**Your assignment**.
Would you return the lines that run from the start of the data below to the line with "Designing a preamble", both included, exactly as written and without pictures?
* * * *
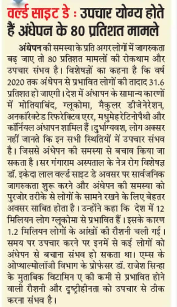 World Sight Day Thursday, 11 October – The most important advocacy and communications event on the eye health calendar. It is a great time to engage with the world around us – a patient’s family, those who seldom get an eye exam, diabetics. This year, let us draw attention to eye care issues so that everyone, everywhere has access to good eye health. Plan for an eye examination. Look around in your family, especially for those who are vulnerable: young, school-going children, the elderly, those with diabetes.
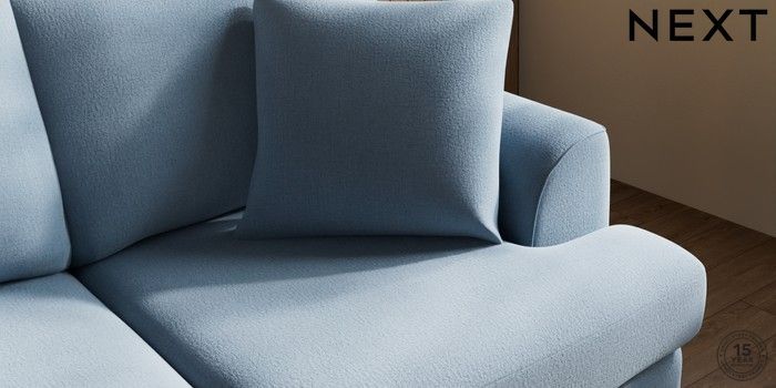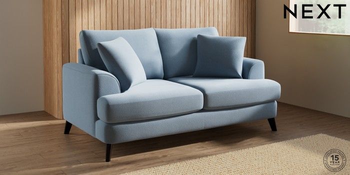 7.3.1 Buy Parker 3 Seater Small Sofa Relaxed Linen Look Mid Blue Low Retro Tapered - Dark from the Next UK online shop Click here to use our accessible website
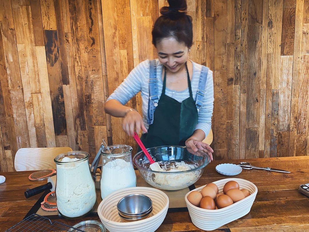 진재영은 10일 자신의 인스타그램에 "빵을 잘 굽는 할매가 꿈입니당. 이것도 독학이라 실패 확률이 매우 높지만 여튼 일거리 장만하는 건 선수 ㅎ 남편이 옆에서 사먹는 게 낫겠다고 또 맞을 소리를 하고 있네요"라는 글과 함께 사진을 게재했다.
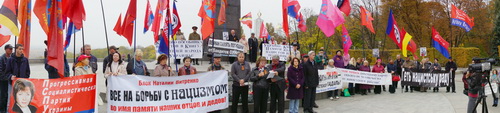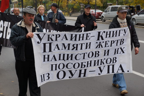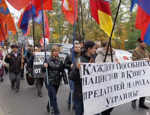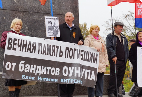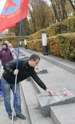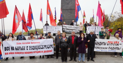 Мы – наследники героев–освободителей нашей Великой Родины – Союза Советских социалистических республик и всей Европы от коричневой чумы нацизма, сегодня, 14 октября 2013 года, у могилы Неизвестного солдата в Киеве, чтим память жертв, павших от рук пособников гитлеровских нацистов из ОУН–УПА.
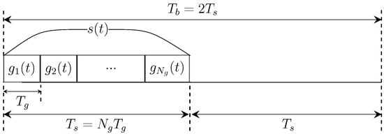 Designing a preamble signal involves determining how to distribute the preamble energy, , across each by selecting and the corresponding to satisfy []. The goal is to ensure that each element of closely approximates the ideal synchronization point, . This occurs when the energy output of the first integrator, starting near the signal’s beginning, reaches its maximum value. For simplicity, we assume that the period of each sub-window is an integer multiple of , such that , and is a multiple of slot duration, i.e., , where m and L are integers. Additionally, all pulses are constrained to have equal energy. Each pulse in the preamble, , where , is defined as []
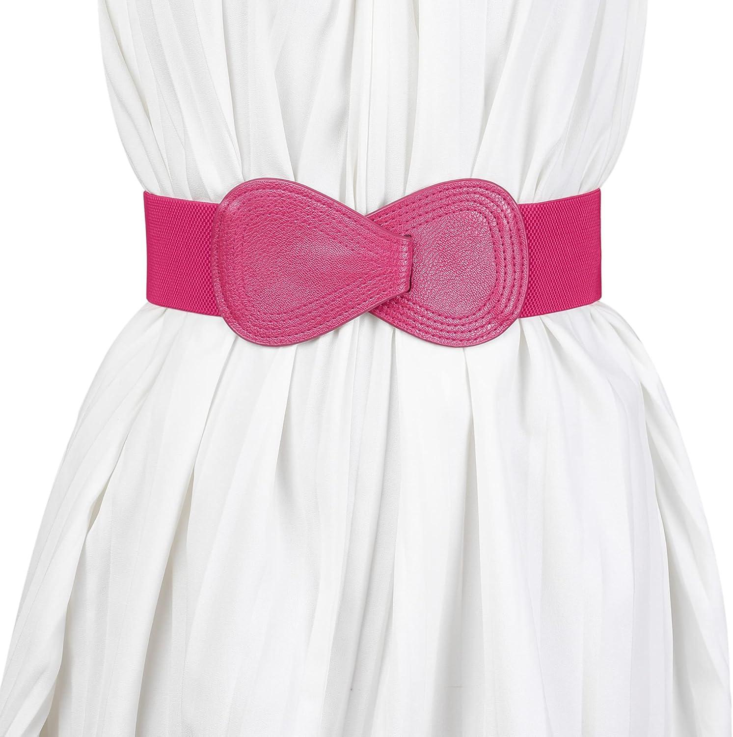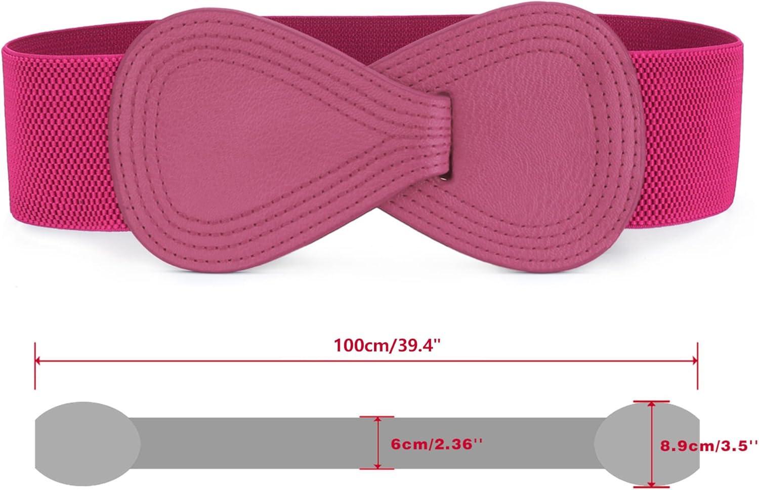 imageAllegra K 2Pcs Women Plus Size Elastic Belt Interlock 8Shaped Buckle Stretch Waistband Belts for DressBlue  Rose Red
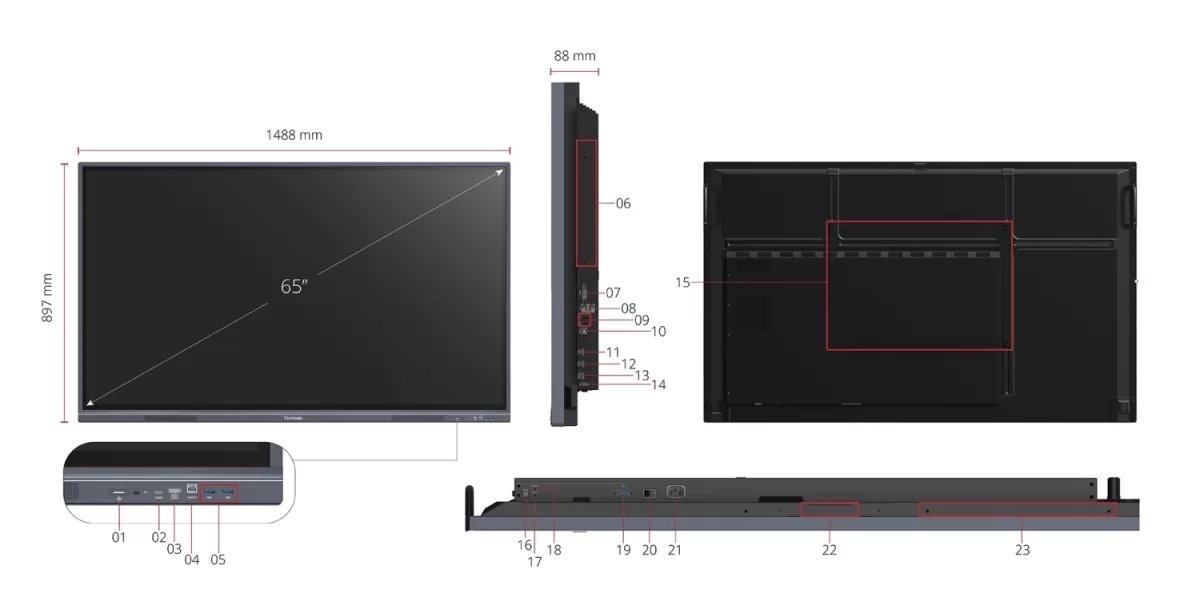 Physical (inch / mm): 1488 x 897 x 88 mm / 58.6 x 35.3 x 3.5 in
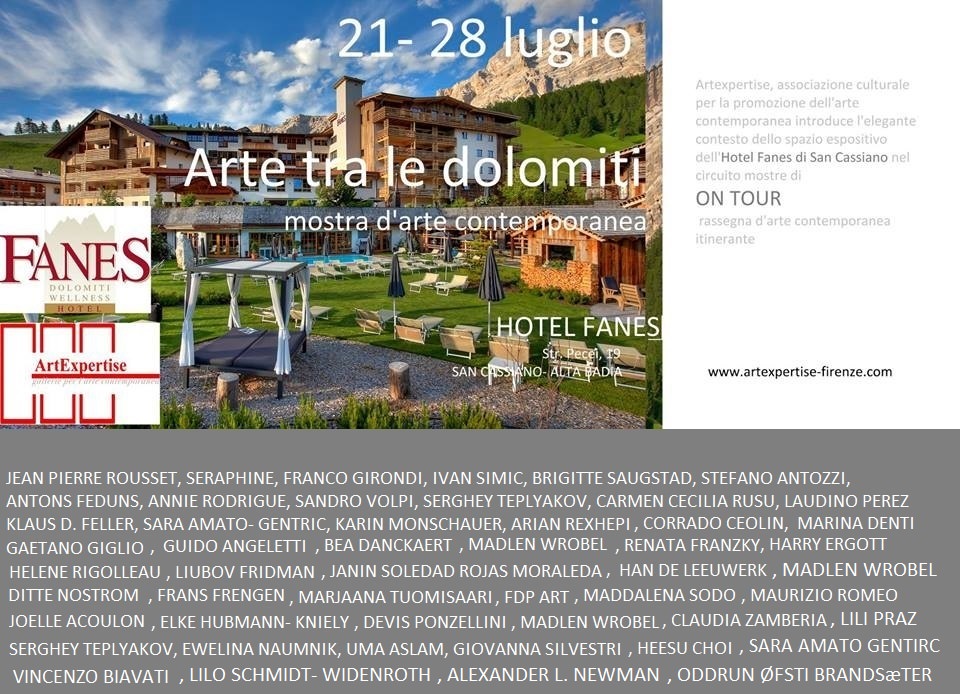 Artexpertise presenta On Tour Dolomiti, rassegna d’arte itinerante che fa tappa nell’elegante contesto dell’Hotel Fanes, presso San Cassiano- Alta Badia. Una mostra d’arte contemporanea suggestiva grazie alla location d’eccellenza ed alle opere di un eterogeneo gruppo di artisti internazionali.
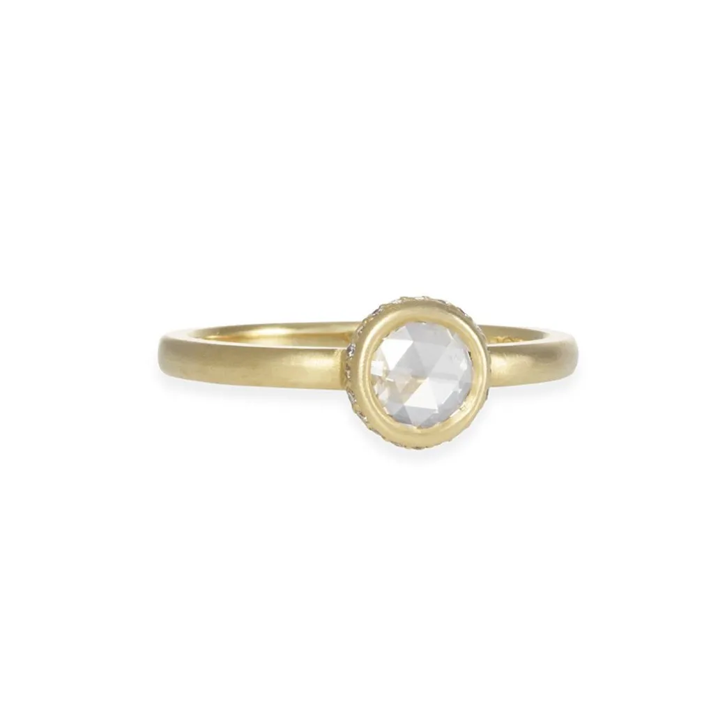 This ring features a rosecut diamond set in a clean, minimalist bezel setting. The side profile reveals all the surprise details of a hidden halo of pavé diamonds and an exposed base of the diamond.
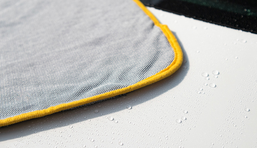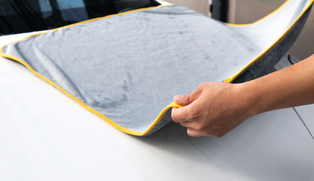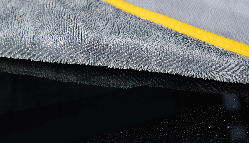 Premium microfiber drying towel with twist structure for quick and easy removal of water.
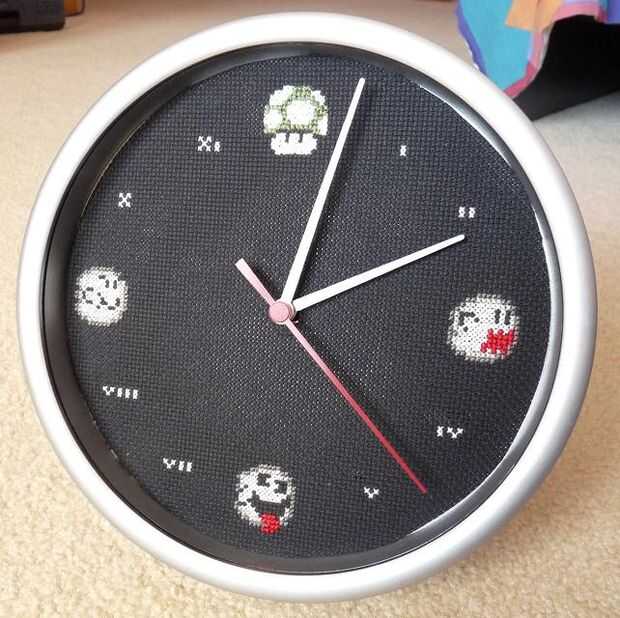 Para mi reloj usé Boo de sprites de Super Mario World. Originalmente quería tener Boos en la mayoría de los números como un circundar Boo Buddy, un enemigo que encuentres en ese juego, pero para ahorrar tiempo solo hice uno de cada tipo de sprite de Boo y un 1-up sprite en la posición doce. Para los demás números hice pequeñas, simples números romanos. Puede organizar sus sprites y combinar diferentes sprites tamaño o números en cualquier forma que desee! Usted puede también bordar en cualquier lugar en la esfera del reloj, si quieres algo en o alrededor del centro.
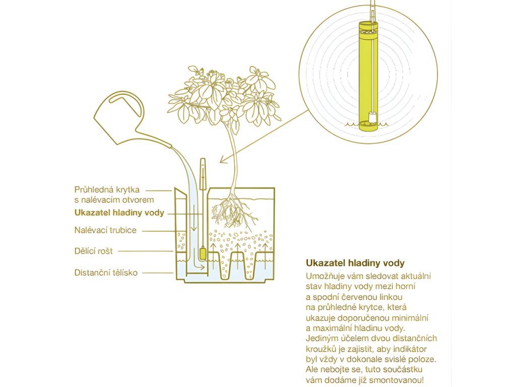 Systém Separator s kapacitou 7 litrů výrazně prodlužuje interval mezi doplňováními. Rošt oddělující zeminu od zásobníku chrání kořeny před přemokřením a vytváří podmínky blízké přirozenému prostředí rostliny.
* * * *
**Result of this exercise**.
 World Sight Day Thursday, 11 October – The most important advocacy and communications event on the eye health calendar. It is a great time to engage with the world around us – a patient’s family, those who seldom get an eye exam, diabetics. This year, let us draw attention to eye care issues so that everyone, everywhere has access to good eye health. Plan for an eye examination. Look around in your family, especially for those who are vulnerable: young, school-going children, the elderly, those with diabetes.
 7.3.1 Buy Parker 3 Seater Small Sofa Relaxed Linen Look Mid Blue Low Retro Tapered - Dark from the Next UK online shop Click here to use our accessible website
 진재영은 10일 자신의 인스타그램에 "빵을 잘 굽는 할매가 꿈입니당. 이것도 독학이라 실패 확률이 매우 높지만 여튼 일거리 장만하는 건 선수 ㅎ 남편이 옆에서 사먹는 게 낫겠다고 또 맞을 소리를 하고 있네요"라는 글과 함께 사진을 게재했다.
 Мы – наследники героев–освободителей нашей Великой Родины – Союза Советских социалистических республик и всей Европы от коричневой чумы нацизма, сегодня, 14 октября 2013 года, у могилы Неизвестного солдата в Киеве, чтим память жертв, павших от рук пособников гитлеровских нацистов из ОУН–УПА.
 Designing a preamble signal involves determining how to distribute the preamble energy, , across each by selecting and the corresponding to satisfy []. The goal is to ensure that each element of closely approximates the ideal synchronization point, . This occurs when the energy output of the first integrator, starting near the signal’s beginning, reaches its maximum value. For simplicity, we assume that the period of each sub-window is an integer multiple of , such that , and is a multiple of slot duration, i.e., , where m and L are integers. Additionally, all pulses are constrained to have equal energy. Each pulse in the preamble, , where , is defined as []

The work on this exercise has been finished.